# Spoon fishing on the beach



## BillyLitt (Jul 29, 2011)

Just curious....is fishing spoons worth the time on the surf? We fish spoons in a lake all the time up north, but I never tried it in the surf. Just wondering if its even worth trying?


----------



## CarolinaGuy1986 (Jun 17, 2010)

Its a fun time when the blues are in close to the shore, but they have been so picky lately, I would say with all the weather issues and surf conditions it may not be worth it. Good luck, I hope the Pirates can make it to 1st place again this year.


----------



## bluefish1928 (Jun 9, 2007)

when the mullet are running i rather fish spoons over live mullet because with spoons u have about 90 percent hook-up and landing ratio with bluefish. Also, I have caught good 24 inch Spanish on spoons before.
my 3/4 oz silver prism krocodile spoon has landed over 2 dozen fish


----------



## BillyLitt (Jul 29, 2011)

I actually am a Pirate fan and believe me, it's painful! They are headed in the right direction...we'll see!

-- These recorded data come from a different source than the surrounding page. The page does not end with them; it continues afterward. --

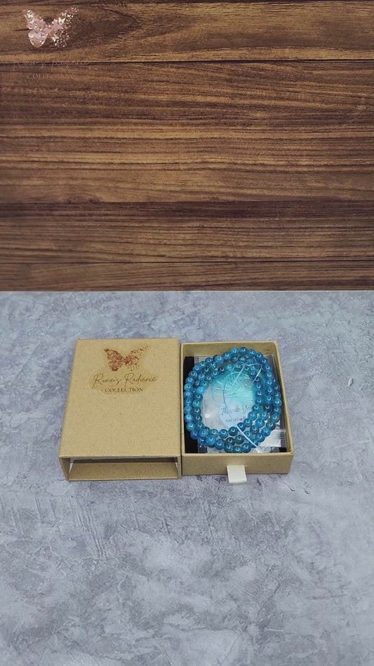 Natural Blue Apatite Triple Wrap Bracelet or Necklace with ocean-blue crystal beads | Gelang atau Rantai Apatite Biru semula jadi dengan reka bentuk lilitan tiga lapis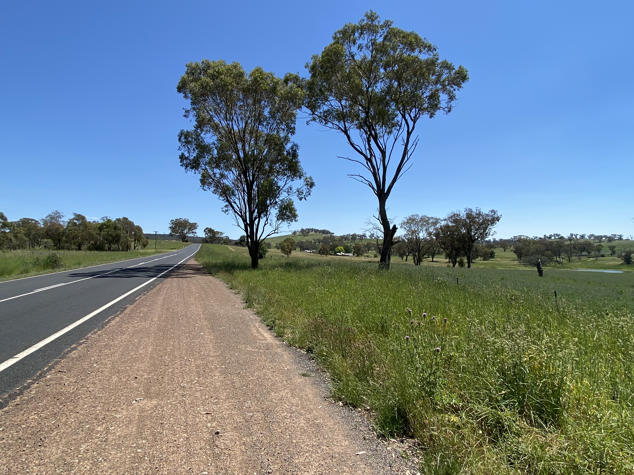 Departing town, there is a short stretch on the Mitchell Highway. I am not a fan of cycling on highways unless it is absolutely necessary or there is a massive verge. Here the verge is adequate, and also visibility is good for any traffic that needs to pass.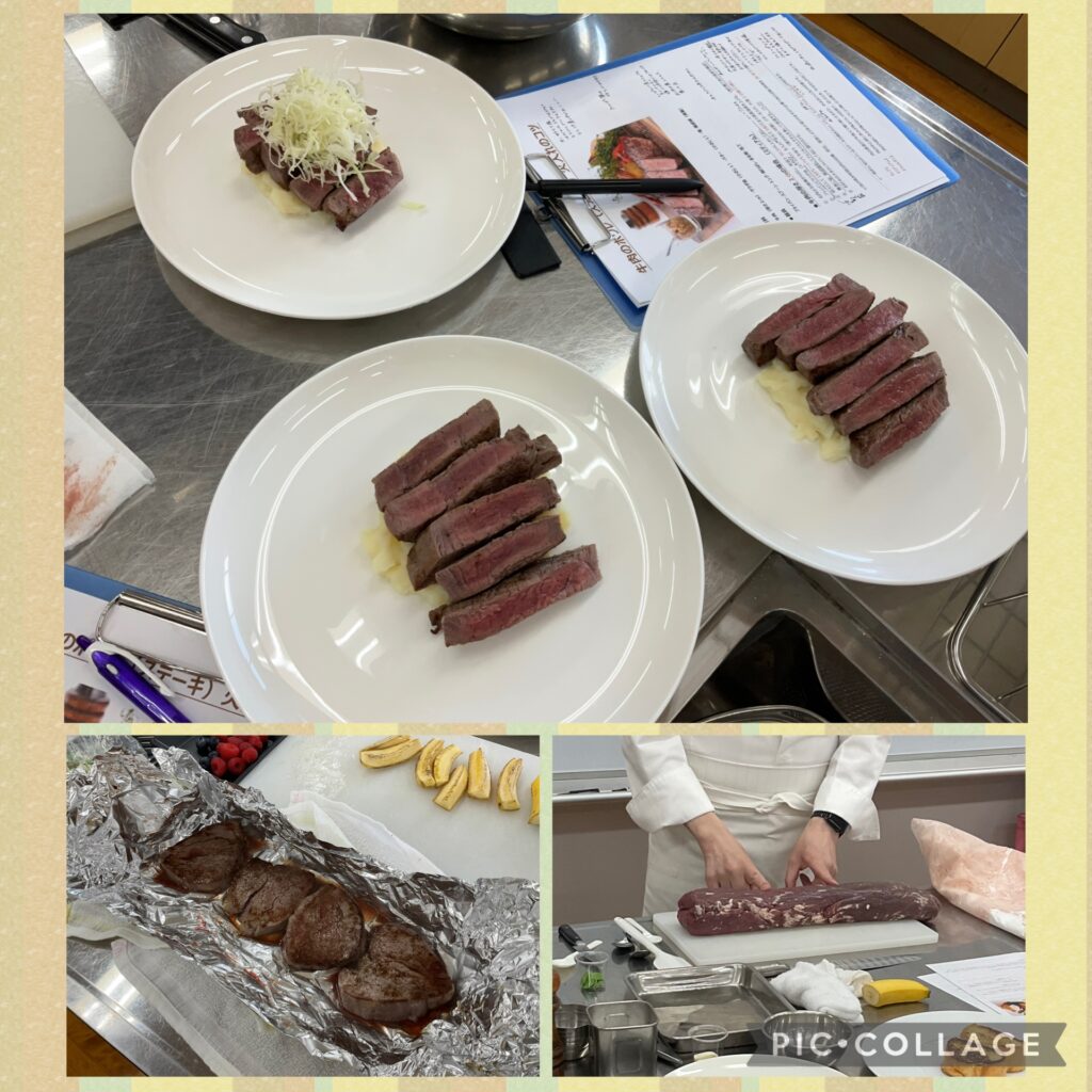 ステーキの実習では、焼き加減や柔らかさを確かめる方法として“自分の手の感触”を使うプロの技を教えていただきました👋✨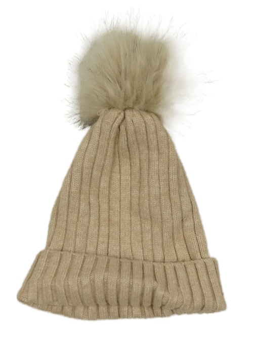 Béžová rebrovaná pletená čapica s brmbolcom Primark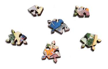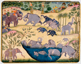 This is a 170 piece puzzle of a 17th century Indian Mughal miniature showing a royal party capturing elephants (see alternate picture for details). The puzzle design by Tara Flannery and Jim Muller has a Cairo-pentagonal grid of pieces with a smattering of elephanty whimsies. The puzzle is extra hard because the connectors are not unique - you have to pay attention to the rich image detail to put it together correctly. This puzzle has a straight edge. Like all our puzzles, laser-cut from 1/4" thick wood. Packaged in a small box with magnetic clasp. Made in USA.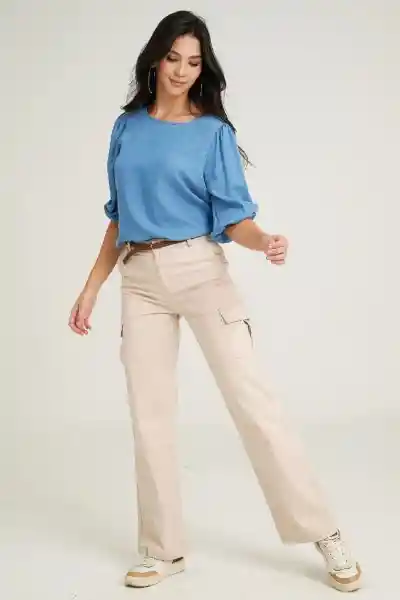 Dril Fondo Entero Pretina Con Pasadores y Botón Cierre Frontal Bolsillos Diagonal Bolsillos Parche Posterior y Costados Bota Recta.

My family and I are headed to MB the last week of June. I plan on fishing early in the morning when everyone else is sleeping. Is this a good time of year for spoons? I don't care if I catch small fish or big fish, blue fish or red fish (sounds like Dr. Seuss).

Last year we were there in July and I was using shrimp. I would feel tapping and bring my line in with no bait. I eventually pulled in a small whiting and a small pompano (I'm talking 3-5 inches). When I caught those, I was thinking that the spoons or even rooster tails would have probably caught more of them.


----------



## bluefish1928 (Jun 9, 2007)

bring ur spoons- 1/2 to 1 oz sizes, but only use them if u see baitfish being chased.


----------



## CarolinaGuy1986 (Jun 17, 2010)

Where do use spoons in PA? Erie, Pymatuming, Conneaut, Arthur, the rivers, I grew up in Pittsburgh and moved down here 3 years ago. They say once you get sand in your shoes you wont go back. I believe it a little bit hahahaha. Ive been converted to saltwater fishing, its all I do. We are glad you are coming down, I hope y'inz (y'all) catch a few!!!


----------